[Entries taken from a collection]
------------

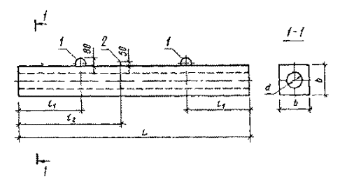 табл. 1. Сваи квадратного сечения с круглой полостью 1 - подъемные петли; 2 - штырь для фиксации места строповки
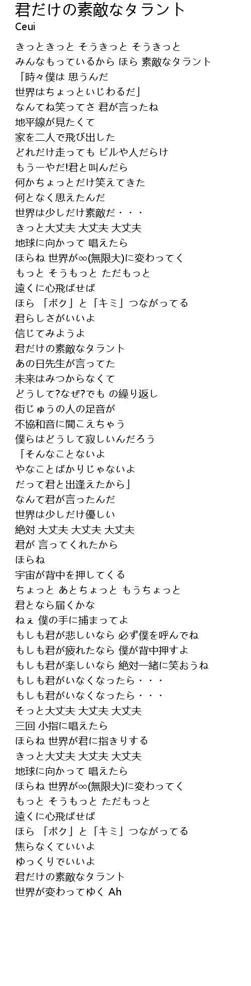 | ほらね 世界が∞(無限大)に変わってく | |
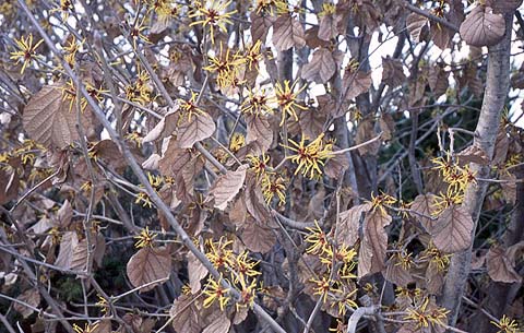 ◆ マンサク、春の一番花 ◆![]() (2001/02/25 撮影 at 近所) 寒く辛い冬の日々が過ぎ、 あぁそろそろ春に向かっているのだなぁとふと感じる、 そんな季節が僕はとても好きです。 そのきっかけとなる花のひとつがこの「マンサク」です。 あまり見栄えのぱっとしない花ではありますが、 僕の日常において、春の一番早い時期に咲き出す花です。 ツンとスパイシーないい匂いが漂っていて気付いたりします。 ティシュペーパーを細く千切って丸めて、 ちりちりと伸ばしたようなそんな感じの花びら。 マンサクという名前は「まず咲く」に由来するらしいです。 この花の後、梅や桃や沈丁花が咲き出すのはもう少し先です。 2002 年には、1/10 にこのマンサクはもう咲き始めていました。 2003 年には、1/16 にはこのマンサクは咲いていました。 2004 年には、1/14 にはこのマンサクは下の方が咲き出していました。 |
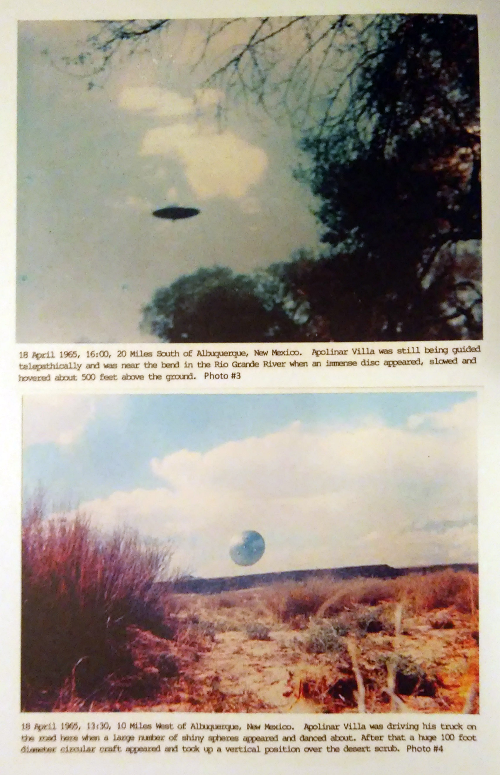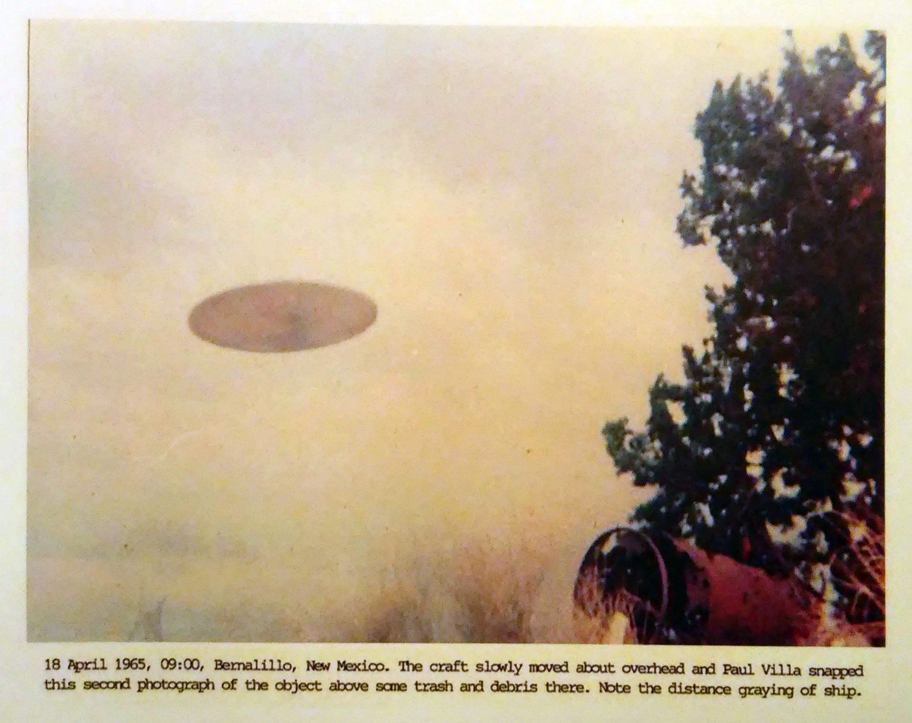 Scrive WS: "Use of models for the smaller craft could not be ruled out, because Paul Villa did actually build a model with two spun metal discs joined at the rims, and with broomstick legs, suggested by his visitors. They had him take it to a deserted location for a demonstration.
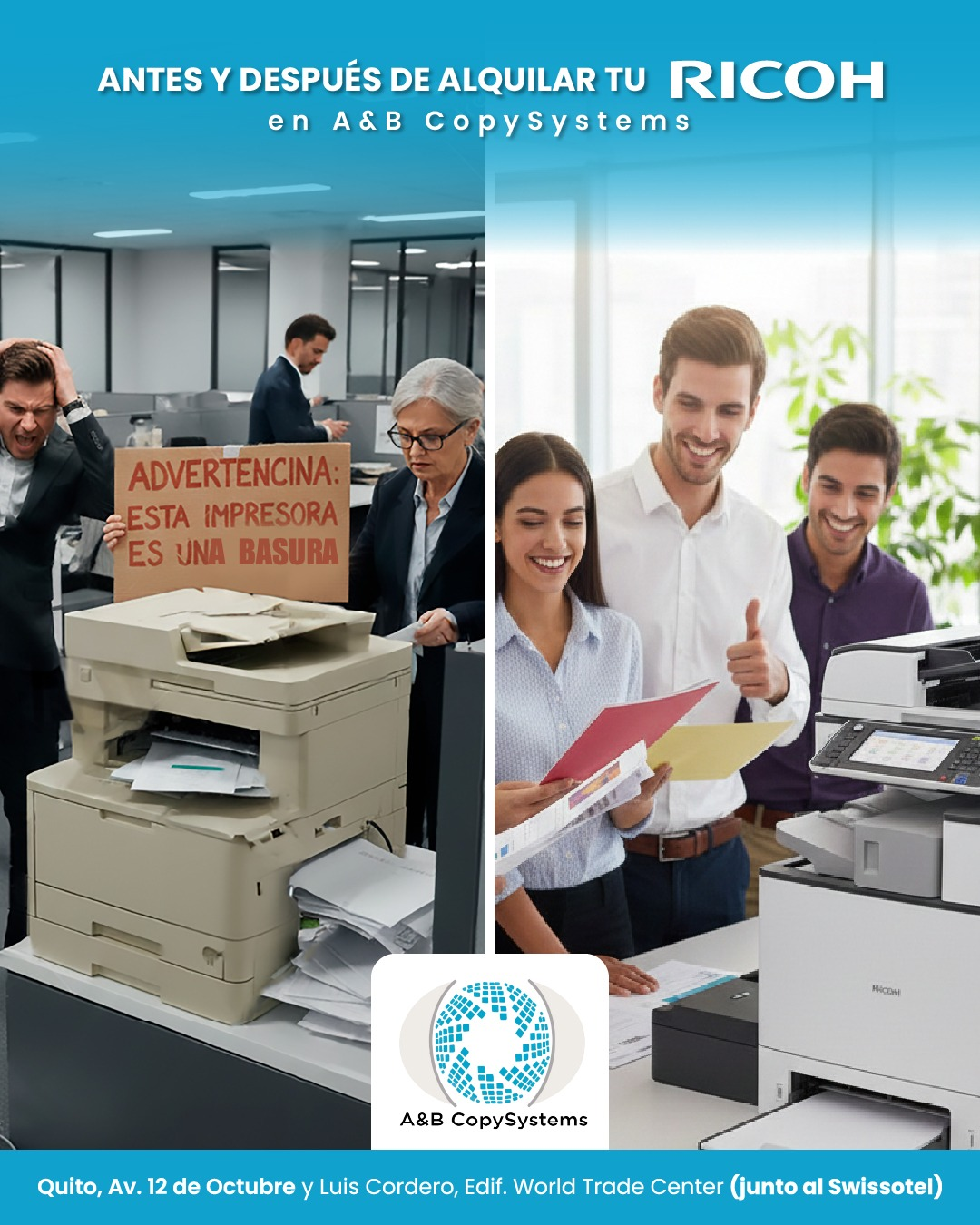 ¿Buscas una alternativa eficiente y económica para acceder a equipos de impresión de alta calidad? Nuestro servicio de renta de impresoras multifunción Ricoh en Ecuador te permite evitar la inversión inicial y centrarte en lo que importa: tu negocio. Incluimos soporte técnico, insumos y mantenimiento preventivo y correctivo, en un servicio integral que prioriza tu productividad.
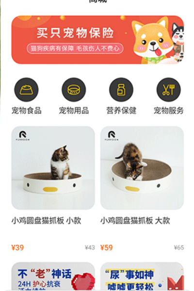 3、进入「商城」选购宠物食品、日常用品与保健品,并可预约专项宠物服务满足养宠需求。
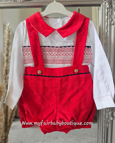 Spanish Baby Boys Red Smocked Christmas Tartan Dungaree Set R004 ~ 3-36m
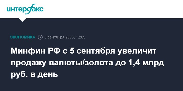 Минфин РФ с 5 сентября увеличит продажу валюты/золота до 1,4 млрд руб. в день
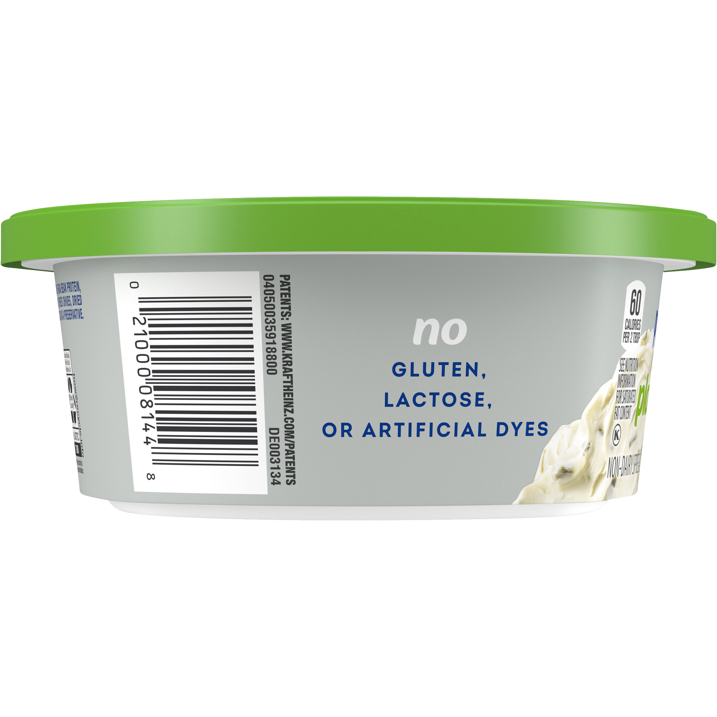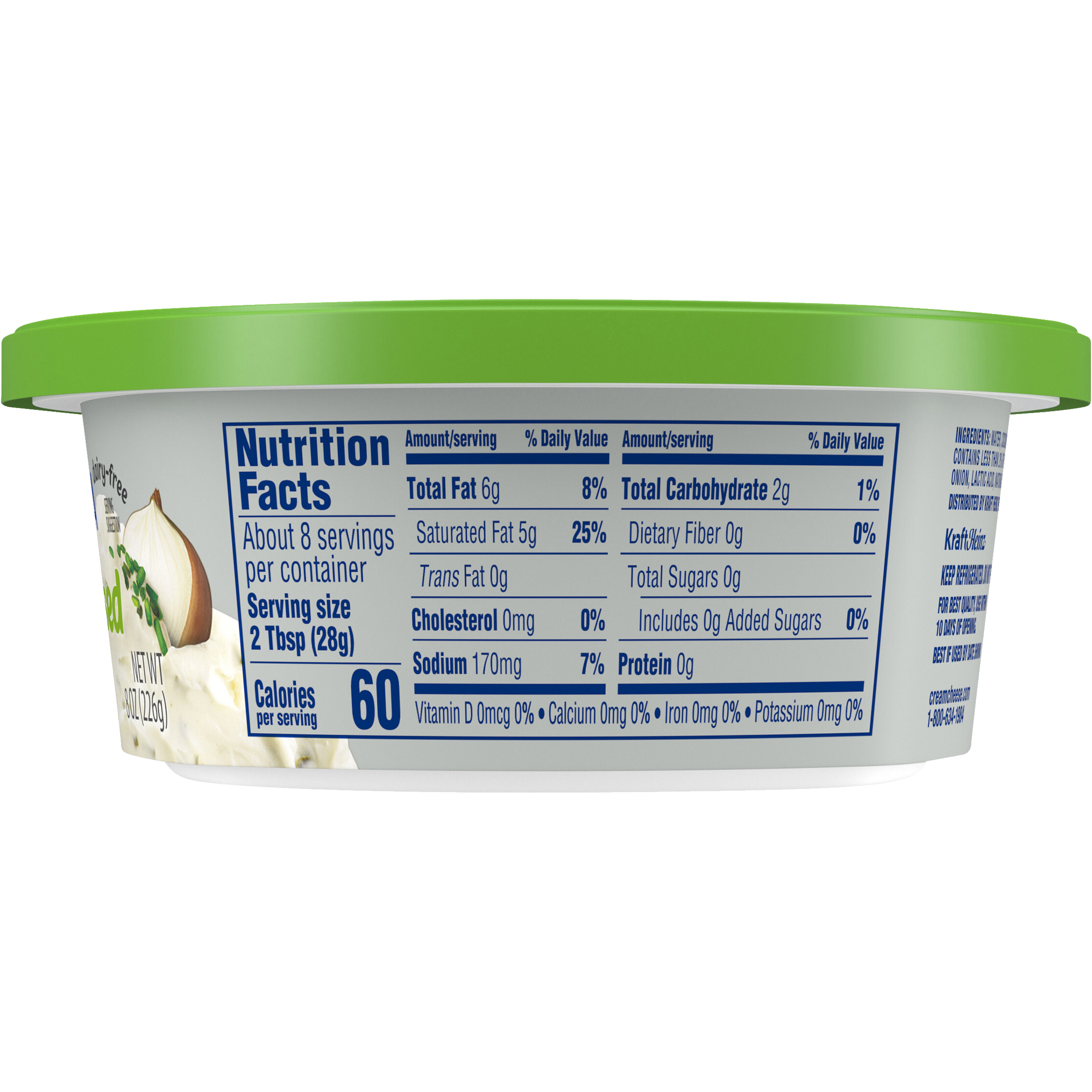 - Our chive and onion flavored plant-based spread contains no lactose, dairy or milk

------------

Goal of the exercise: The line that contains "for a demonstration." begins the range and the last line of the entries ends it; print that range exactly, without pictures.

Response to the exercise:
 Scrive WS: "Use of models for the smaller craft could not be ruled out, because Paul Villa did actually build a model with two spun metal discs joined at the rims, and with broomstick legs, suggested by his visitors. They had him take it to a deserted location for a demonstration.
 ¿Buscas una alternativa eficiente y económica para acceder a equipos de impresión de alta calidad? Nuestro servicio de renta de impresoras multifunción Ricoh en Ecuador te permite evitar la inversión inicial y centrarte en lo que importa: tu negocio. Incluimos soporte técnico, insumos y mantenimiento preventivo y correctivo, en un servicio integral que prioriza tu productividad.
 3、进入「商城」选购宠物食品、日常用品与保健品,并可预约专项宠物服务满足养宠需求。
 Spanish Baby Boys Red Smocked Christmas Tartan Dungaree Set R004 ~ 3-36m
 Минфин РФ с 5 сентября увеличит продажу валюты/золота до 1,4 млрд руб. в день
 - Our chive and onion flavored plant-based spread contains no lactose, dairy or milk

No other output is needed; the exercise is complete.